Looking Back on a Summer Well Spent

Pleased to share the final blog post in a series that highlights the experiences of Privilege & Poverty Interns as they learned and worked with local and national social services this summer.

This one is my (Connor Wertz ’22) personal reflection, which takes in the conversations and reflections I had the entire summer with other interns, my co-workers, and those I worked with at the John Graham Shelter.

Group shot of interns and community partners in a field.
The summer intern cohort and their community partners gathered for dinner and reflection in August. L-R: Abi Sessions (Board member – John Graham Housing and Services), Kerri Duquette-Hoffman (Exec. Director – WomenSafe), Olivia O’Brien (Middlebury College), Justin Srsic (Marymount Univ.), Luna Gizzi (Middlebury College),
Kassydi Dunnaway (Ohio Univ.), Anna Durning (Middlebury College), Joshua Lanney (Open Door Clinic), Nico Plume (Middlebury College), Connor Wertz (Middlebury College), Pete Kellerman (Co-Director, John Graham Housing and Services), Peter Mehler (Middlebury College), Brigett Weinstein (Middlebury College), Christina Grier (Services Director – WomenSafe), Doug Sinclair (Co-Director – Charter House Coalition), Cynthia Ramos (Middlebury College). Photo by Jason Duquette-Hoffman.

One hundred days. Not a very long time – in fact, less time than I have spent on any other job in my life. Yet I have taken to describing this past summer to those who ask as nothing less than perspective changing.

I started the summer primed from a lifetime of American culture, media, and my own privilege to see the differences between myself and others in our community. Indeed, I think I wanted to see differences, so that I could overcome them.

Ambitious? Maybe. Naive? Most definitely. 

Class, education, hometown, expectations from life, skin color, dignity, structural inequalities: I prepared analyses of all of these and more, and spent long nights wondering how they would play out in my personal interactions with those I would be working with.
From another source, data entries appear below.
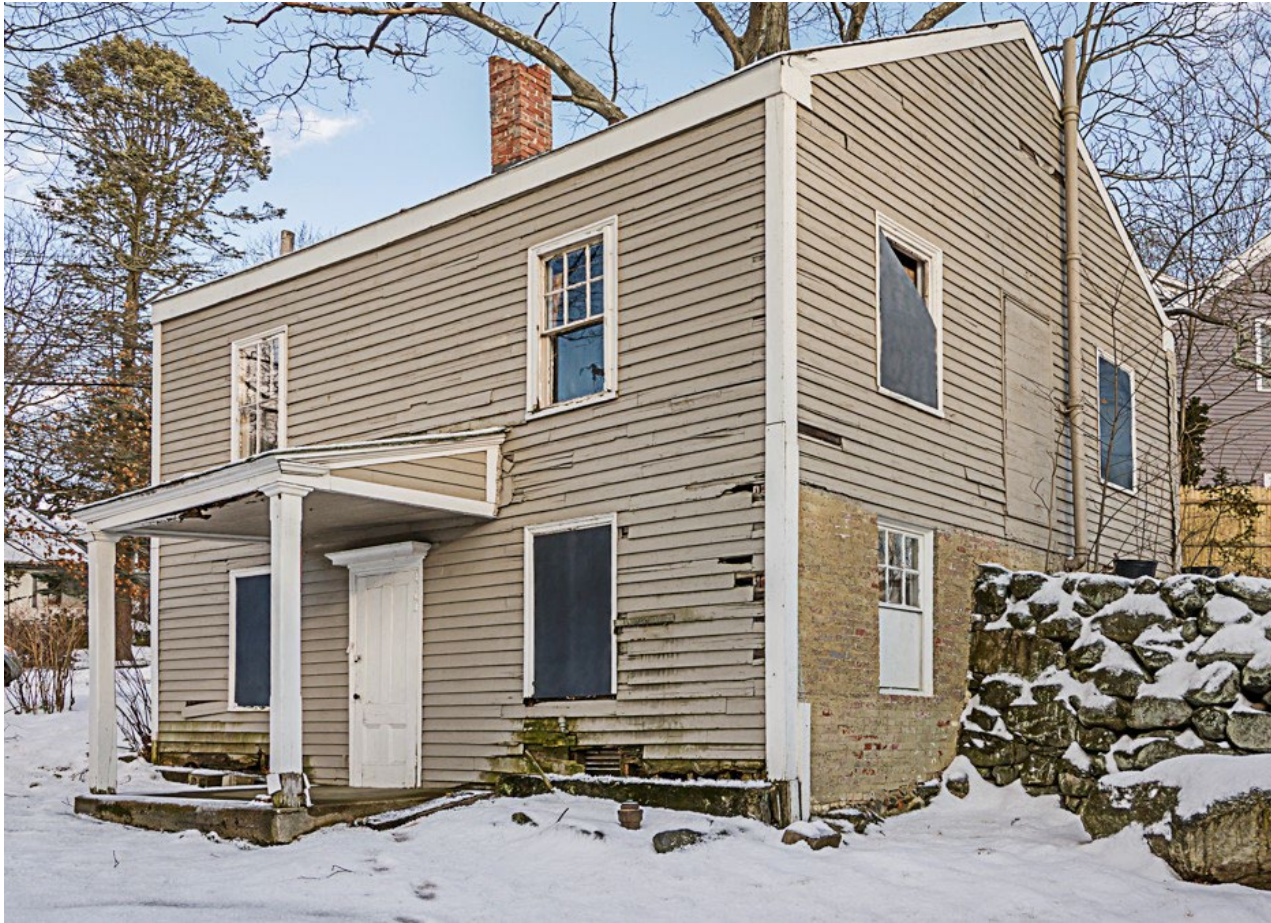
9 Oakland Street
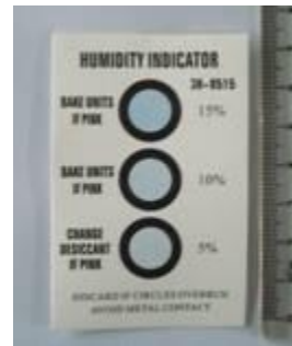
50*76mm (Click to enlarge it)
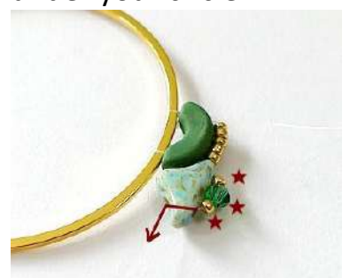
5) Place 1 R15, 1 T3 and 1 R15 in the second hole of the Helios HERE.
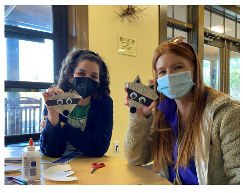
Project WILD teacher training at Riverbanks Zoo.
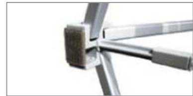
Side attachments for extending the image across the sides are standard on all frames.

There are occasions when you need to move quickly and still be as cost-effective as possible. At the same time it is important to put across your message in a powerful and convincing way. This is when Soft Image comes into its own right.
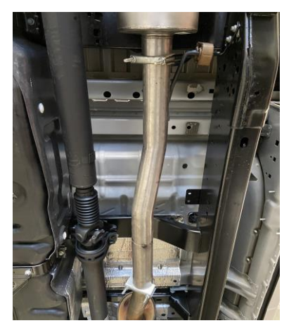
3. INSTALL HEADPIPE #A ONTO STOCK PIPE BEHIND RESONATOR. INSERT WELDED HANGER INTO RUBBER GROMMET. USE CLAMP #D PROVIDED TO SECURE. DO NOT TIGHTEN.
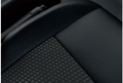
Partial leather seat trim (Standard)

Then, within the first few days of my internship, a little girl sidled up beside me, eyed me somewhat suspiciously with paper and markers in hand like an offering of peace, and said “Why are you so quiet?”

Four collaboratively completed pictures later, someone else recognized my hometown in Massachusetts. “That’s where Jack Keruac is from, right? Love him. Greatest American novelist.” Two conversations in, and I realized I was going to have to forget everything I expected. 

And 100 days later – days full of coffee conversation and creaky chairs, mornings discussing with other interns our shared experiences, concerns, and emotions – I can’t think of anything worth reflecting on except the similarities I’ve come to learn through relationships, even within structures of inequality.

At times, my first year at Middlebury College seemed like a constant performance of adequacy. Of proving one’s competency over and over – though I haven’t yet figured out to whom. This summer at the John Graham Shelter, living and learning as a part of the broader community in every sense of that term, if I had to prove anything it was how to be human: how to connect with people solely on the basis of what we shared.

Here, if I learned nothing else, it was just how many shared elements (hopes, sense of humor, needs) that we all have.

Thank you to the staff and community of the CCE, as well as the John Graham Shelter community for an experience that will shape me – has already shaped me – wherever I go moving onwards. I can only hope to give back a small fraction of the wisdom, the energy for change, and the inspiration that I will be taking with me.